The individual should first be warned that the police will be called if they don’t leave. If they don’t then without delay leave, the police should be called. Also, if a customer physically resists removal, the police should be called and the customer removed and arrested. Tavern or club operated parking lots should have at the bare minimum of three foot-candles of lighting, calculated horizontally at the surface throughout the lot. Security employees should keep an eye on the parking lot starting at least 30 minutes before closing time, and continuing until all customers have left the property.
Incidents every now and then may blow up outside the club but it is still on the club’s property, and the security is still accountable for the customer’s safety. The visible presence of security may dishearten incidents from happening, and if by the chance is doesn’t then security is in a place to call the police and get involved as needed. If the management and club staff sustain a good relationship with the local police, it might be that the police show up around closing time to help alleviate any issues that come up. Conclusion
While lawsuits and bad publicity concerning security at nightclubs are on the rise throughout the country, they don’t have to be. If security officers follow the guidelines set down by the security manager, it will lower the chance of being sued. There are only a couple of things that we as security need to remember, that is the customer is paying for us to be here. It is the duty of the security officers to make it a safe and fun environment for them to have a good time. When the security does its job the right way, all else will fall in line.

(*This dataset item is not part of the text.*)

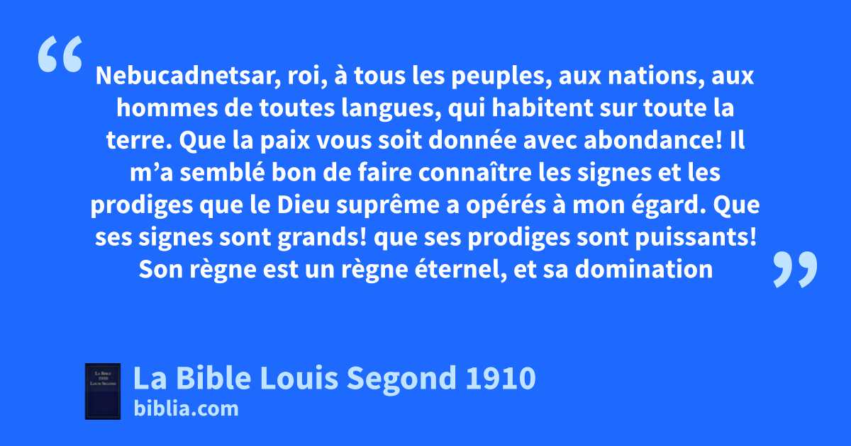 1Nebucadnetsar, roi, à tous les peuples, aux nations, aux hommes de toutes langues, qui habitent sur toute la terre. Que la paix vous soit donnée avec abondance! 2Il m’a semblé bon de faire connaître les signes et les prodiges que le Dieu suprême a opérés à mon égard. 3Que ses signes sont grands! que ses prodiges sont puissants! aSon règne est un règne éternel, et sa domination subsiste de génération en génération. 4Moi, Nebucadnetsar, je vivais tranquille dans ma maison, et heureux dans mon palais. 5J’ai eu un songe qui m’a effrayé; les pensées dont j’étais poursuivi sur ma couche et les visions de mon esprit me remplissaient d’épouvante. 6J’ordonnai qu’on fît venir devant moi tous les sages de Babylone, afin qu’ils me donnassent l’explication du songe. 7Alors vinrent les magiciens, les astrologues, les Chaldéens et les devins. Je leur dis le songe, et ils ne m’en donnèrent point l’explication. 8En dernier lieu, se présenta devant moi Daniel, nommé Beltschatsar d’après le nom de mon dieu, et qui a en lui l’esprit des dieux saints. Je lui dis le songe: 9Beltschatsar, chef des magiciens, qui as en toi, je le sais, l’esprit des dieux saints, et pour qui aucun secret n’est difficile, donne-moi l’explication des visions que j’ai eues en songe. 10Voici les visions de mon esprit, pendant que j’étais sur ma couche. Je regardais, et voici, il y avait au milieu de la terre un arbre d’une grande hauteur. 11Cet arbre était devenu grand et fort, sa cime s’élevait jusqu’aux cieux, et on le voyait des extrémités de toute la terre. 12Son feuillage était beau, et ses fruits abondants; il portait de la nourriture pour tous; les bêtes des champs s’abritaient sous son ombre, les oiseaux du ciel faisaient leur demeure parmi ses branches, et tout être vivant tirait de lui sa nourriture. 13Dans les visions de mon esprit, que j’avais sur ma couche, je regardais, et voici, un de ceux qui veillent et qui sont saints descendit des cieux. 14Il cria avec force et parla ainsi: Abattez l’arbre, et coupez ses branches; secouez le feuillage, et dispersez les fruits; que les bêtes fuient de dessous, et les oiseaux du milieu de ses branches! 15Mais laissez en terre le tronc où se trouvent les racines, et liez-le avec des chaînes de fer et d’airain, parmi l’herbe des champs. Qu’il soit trempé de la rosée du ciel, et qu’il ait, comme les bêtes, l’herbe de la terre pour partage. 16Son coeur d’homme lui sera ôté, et un coeur de bête lui sera donné; et sept temps passeront sur lui. 17Cette sentence est un décret de ceux qui veillent, cette résolution est un ordre des saints, afin que les vivants sachent que le Très-Haut domine sur le règne des hommes, qu’il le donne à qui il lui plaît, et qu’il y élève le plus vil des hommes. 18Voilà le songe que j’ai eu, moi, le roi Nebucadnetsar. Toi, Beltschatsar, donnes-en l’explication, puisque tous les sages de mon royaume ne peuvent me la donner; toi, tu le peux, car tu as en toi l’esprit des dieux saints. 19Alors Daniel, nommé Beltschatsar, fut un moment stupéfait, et ses pensées le troublaient. Le roi reprit et dit: Beltschatsar, que le songe et l’explication ne te troublent pas! Et Beltschatsar répondit: Mon seigneur, que le songe soit pour tes ennemis, et son explication pour tes adversaires! 20L’arbre que tu as vu, qui était devenu grand et fort, dont la cime s’élevait jusqu’aux cieux, et qu’on voyait de tous les points de la terre; 21cet arbre, dont le feuillage était beau et les fruits abondants, qui portait de la nourriture pour tous, sous lequel s’abritaient les bêtes des champs, et parmi les branches duquel les oiseaux du ciel faisaient leur demeure, 22c’est toi, ô roi, qui es devenu grand et fort, dont la grandeur s’est accrue et s’est élevée jusqu’aux cieux, et dont la domination s’étend jusqu’aux extrémités de la terre. 23Le roi a vu l’un de ceux qui veillent et qui sont saints descendre des cieux et dire: Abattez l’arbre, et détruisez-le; mais laissez en terre le tronc où se trouvent les racines, et liez-le avec des chaînes de fer et d’airain, parmi l’herbe des champs; qu’il soit trempé de la rosée du ciel, et que son partage soit avec les bêtes des champs, jusqu’à ce que sept temps soient passés sur lui. 24Voici l’explication, ô roi, voici le décret du Très-Haut, qui s’accomplira sur mon seigneur le roi. 25bOn te chassera du milieu des hommes, tu auras ta demeure avec les bêtes des champs, et l’on te donnera comme aux boeufs de l’herbe à manger; tu seras trempé de la rosée du ciel, et sept temps passeront sur toi, jusqu’à ce que tu saches que le Très-Haut domine sur le règne des hommes et qu’il le donne à qui il lui plaît. 26L’ordre de laisser le tronc où se trouvent les racines de l’arbre signifie que ton royaume te restera quand tu reconnaîtras que celui qui domine est dans les cieux. 27C’est pourquoi, ô roi, puisse mon conseil te plaire! mets un terme à tes péchés en pratiquant la justice, et à tes iniquités en usant de compassion envers les malheureux, et ton bonheur pourra se prolonger.

Of coarse you will have your typical over intoxicated person who thinks they can take on the world, but just remember to be nice. Works Cited “Private security and the law -. ” Google Books. Web. 14 Oct. 2009. . “Washington. (Washington State Security Council, Inc. ‘s training law)(Brief Article) | Article from Security Management | HighBeam Research. ” Research – Articles – Journals | Find research fast at HighBeam Research. Web. 14 Oct. 2009. . [Figures – note that this page does not have the manuscript header and page number]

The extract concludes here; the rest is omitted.